Not a Geek or a geek? Read the pictures this time.
Dew on a morning spiderweb

For my best pithy polished answer to – What is, why would I, why should I, Google+   I choose magicrowd what-is-google-plus. Firstly because it is a delight to watch, as I love line drawings.  It is not often in life, that you get the chance to start again. Fresh from the ground up. You don’t bring across your list from … although you can start from your email address book. Interested? Here is exploringsocialmedia how-to-use-google+ and mashable's google+-cheat-sheet and kikolani why-i-like-google+.

Cattle egrets
Follow the flock, got herd instinct?

The early adopters were the predominantly male, techie geeks. There has been some controversy about pseudonymity – you ‘must’ use your real name. And specify your gender, although you can choose ‘Other’. This raises social issues for women who are avoiding stalkers. Why-google-hates-women.

Cattle egret
Are you an earlier adopter?

It was and is still, by invitation only.

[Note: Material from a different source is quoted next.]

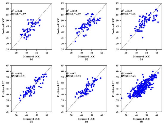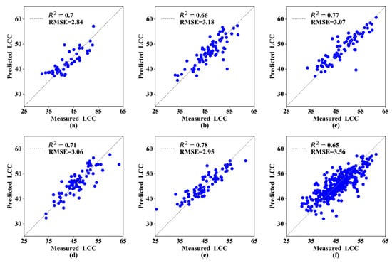 Measured and predicted LCC along the 1:1 line in the standalone validation dataset of the MLR models. (a) 1st growth stage, (b) 2nd growth stage, (c) 3rd growth stage, (d) 4th growth stage, (e) 5th growth stage, and (f) All growth stages.

What weirds me out – they hit the first 10 million in 16 days vs. FB and Twitter who took around 800 days to hit 10 million. Unlike FB you add people to your circles, without waiting for a Yes to, will you be my friend. FB gives me a privacy problem but Google+ has Privacy.  Facebook-vs-Google-Plus.

That masked weaver was the very first customer
at the refurbished Spirulino's!

I was invited by Bom plantchaser who is celebrating his first blogaversary. I'm battling to find any garden bloggers who are early adopters - Carole Sevilla Brown of Ecosystem Gardening.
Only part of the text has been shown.